Early in the 1790s, as early as 1791 or 1792 if we accept the date the Japanese usually give to the set, Utamaro, then best known for his poetry albums The Silver World, the Insect Book, the Shell Book decided that just as there was more to print design than the sweeping lines and balanced compositions of an artist like Kiyonaga, there was more to women than kimono patterns and a pretty face. Just what this was he was determined to express. Instead of courtesans he decided to portray ordinary women in their daily life, and the title of the series could well be translated as “Ten Physiognomic Studies of Married Women”. By calling himself a physiognomist, Utamaro meant to call attention to the fact that he was portraying personalities, not simply beauties, and on the first prints of the set he named the type of woman he was attempting to portray.
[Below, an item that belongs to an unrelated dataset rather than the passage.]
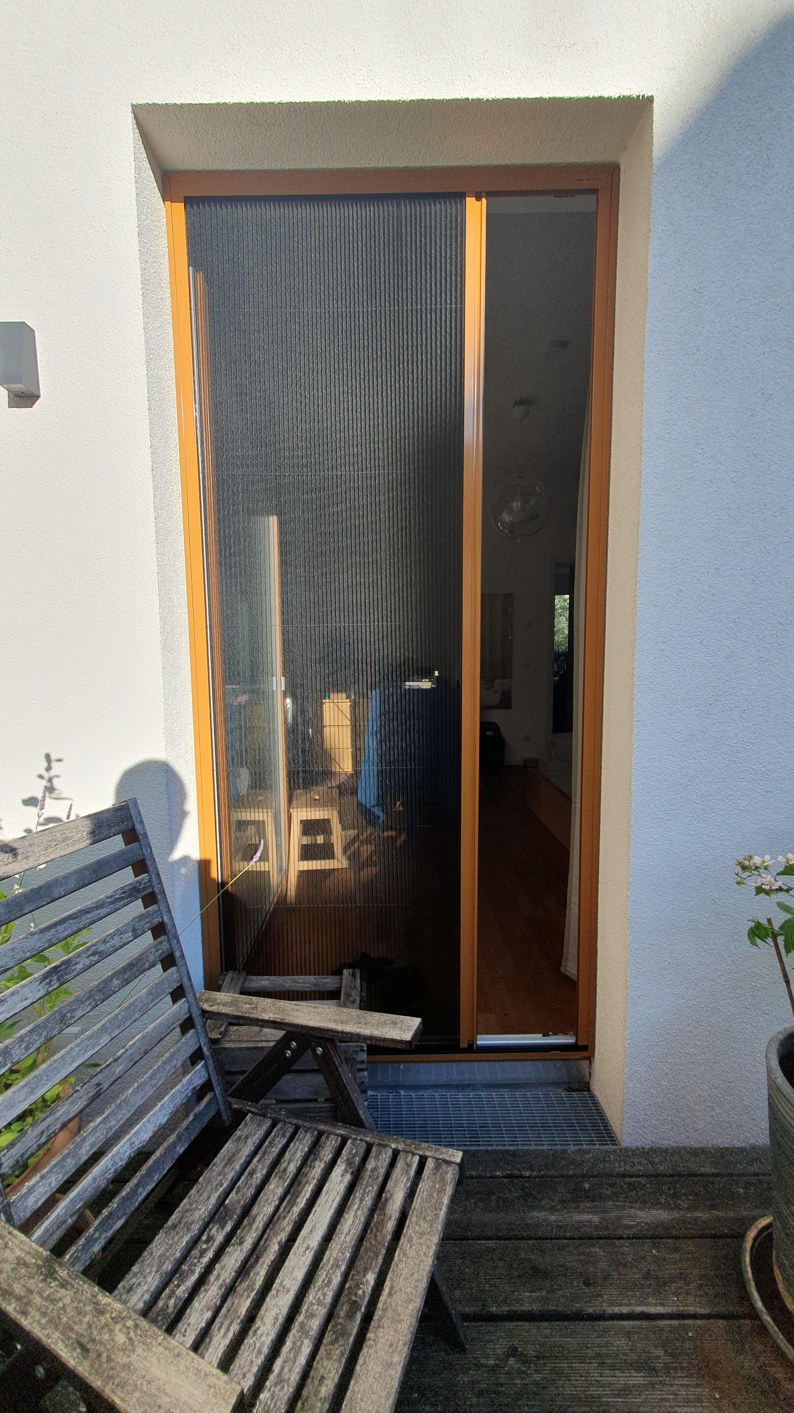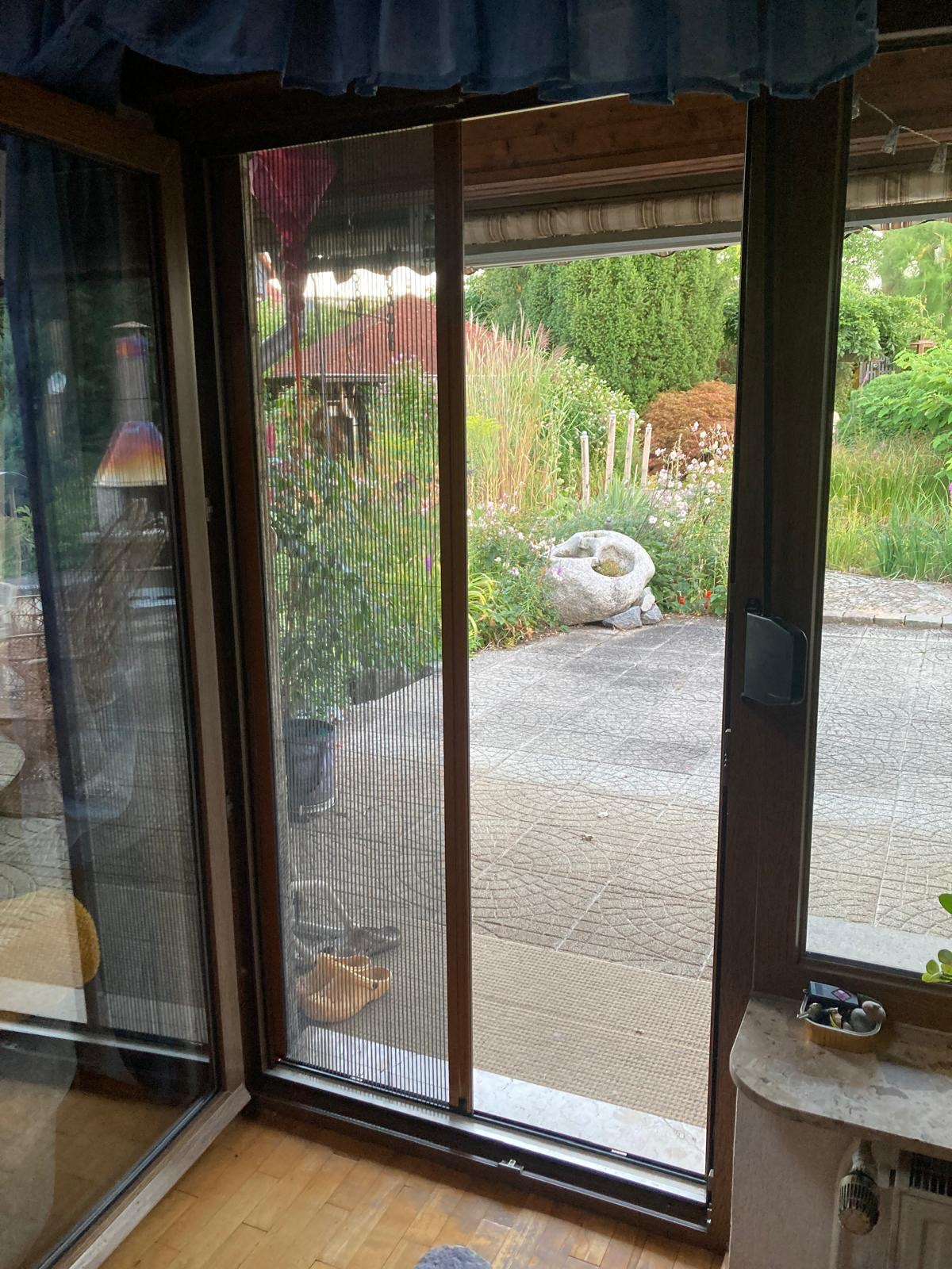 Die Terrassentür ist im Sommer der meistgenutzte Eingang - und leider auch der schnellste Weg fuer Mücken und Fliegen.

As we look at the print we are struck by the similarity of the facial types, but to Utamaro physiognomy was not limited to facial structure as it was to European students of Lavater in the same period. To Utamaro it was the gesture, the pose, the revealing pastime, that revealed, finally, a mood, which conveyed a personality more vividly than words could.

In this picture the woman has just applied blackening to her teeth, and is looking at them to see if it is even, in a mirror. Blackening, onohaguro, was a fluid made by oxidizing iron in vinegar. In the Edo period it was used cosmetically, but only by married women. According to one miscellany of the time this was because black was the colour of permanence and showed that the love between husband and wife would not change. Since blackening was a liquid, it was usually applied over a basin, and the woman in the picture is kneeling/leaning forward, and supporting herself with her left hand on the floor beside the basin while she holds the mirror up to her view with the right.
This print, which is quietly justly considered one of Utamaro’s masterpieces, is printed with great delicacy. The kimono seems intentionally mottled as though the girl may have recently come from the bath, and there is a faint rose flush around her eyes. She does indeed seem “loveable”.

Reproduced in: Ingelheim catalogue, no. 58.
Riese, Asiatische Studien, 1972, p. 95, no. 18.
Ukiyo-e Taipei, Vol. 5, no. 18 (colour).
Other impressions have been reproduced too frequently to describe.